Bladder Cancer Risk Stratification Using Non-Coding RNA - Yair Lotan
March 11, 2025
Sam Chang hosts Yair Lotan to discuss non-coding RNA as a predictor of bladder cancer subtypes. Dr. Lotan describes a multicenter retrospective analysis of 230 cystectomy patients without neoadjuvant chemotherapy, focusing on identifying favorable subgroups within luminal tumors. His team found that specific non-coding RNA patterns within the luminal subtype correlate with less upstaging and better overall survival, independent of clinical stage. Their discussion explores potential clinical applications, particularly for personalizing neoadjuvant chemotherapy decisions, as current guidelines recommend chemotherapy broadly for muscle-invasive disease despite moderate survival benefits and significant toxicity. While molecular subtyping is commercially available and covered by Medicare, Dr. Lotan acknowledges he still primarily uses clinical characteristics in treatment decisions, emphasizing that prospective clinical trials are needed before these molecular classifications can be incorporated into treatment guidelines to better stratify patients who might safely avoid chemotherapy.
Biographies:
Yair Lotan, MD, Urologic Oncologist, UT Southwestern Medical Center, Dallas, TX
Sam S. Chang, MD, MBA, Urologist, Patricia and Rodes Hart Professor of Urologic Surgery, Vanderbilt University Medical Center, Chief Surgical Officer, Vanderbilt-Ingram Cancer Center Nashville, TN
Biographies:
Yair Lotan, MD, Urologic Oncologist, UT Southwestern Medical Center, Dallas, TX
Sam S. Chang, MD, MBA, Urologist, Patricia and Rodes Hart Professor of Urologic Surgery, Vanderbilt University Medical Center, Chief Surgical Officer, Vanderbilt-Ingram Cancer Center Nashville, TN
Related Content:
A Luminal Non-Coding RNA-Based Genomic Classifier Confirms Favourable Outcomes in Patients with Clinically Organ-Confined Bladder Cancer Treated with Radical Cystectomy - Beyond the Abstract
ESMO 2024: Biomarkers and Prediction of Clinical Complete Response in Bladder Cancer
Exploring Tumor Biomarkers in Urothelial Carcinoma: Insights and Advancements in Bladder Cancer Research - Chad Ritch
A Luminal Non-Coding RNA-Based Genomic Classifier Confirms Favourable Outcomes in Patients with Clinically Organ-Confined Bladder Cancer Treated with Radical Cystectomy - Beyond the Abstract
ESMO 2024: Biomarkers and Prediction of Clinical Complete Response in Bladder Cancer
Exploring Tumor Biomarkers in Urothelial Carcinoma: Insights and Advancements in Bladder Cancer Research - Chad Ritch
Read the Full Video Transcript
Sam Chang: Hi, my name is Sam Chang.
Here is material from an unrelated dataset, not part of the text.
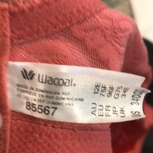 Wacoal underwire bra with lightly lined lace cups and padded shoulder adjustable straps. Breast cancer awareness label on back strap. Back strap has 3 hook and eyes for closure. Pre-owned and in very good condition. No stains or holes. Size 34DDD

I'm a urologist in Nashville, Tennessee. And we have the honor of having Professor Yair Lotan from UT Southwestern. I've known Dr. Lotan for, gosh, 20 plus years when he started when he was 16 years old as a Doogie Howser wonder kid. He's currently the Vice Chair of Clinical Affairs at UT Southwestern and leads the Division of Urologic Oncology there.
And he presented at ASCO GU 2025, a poster presentation looking at, actually, non-coding RNA as a predictor of actually subtypes of clinically localized bladder cancer. And so he's going to give us a review of that. And we're going to have a chance to actually ask him a few questions about that abstract submission. So always great to see you and look forward to you giving us the highlights of that poster.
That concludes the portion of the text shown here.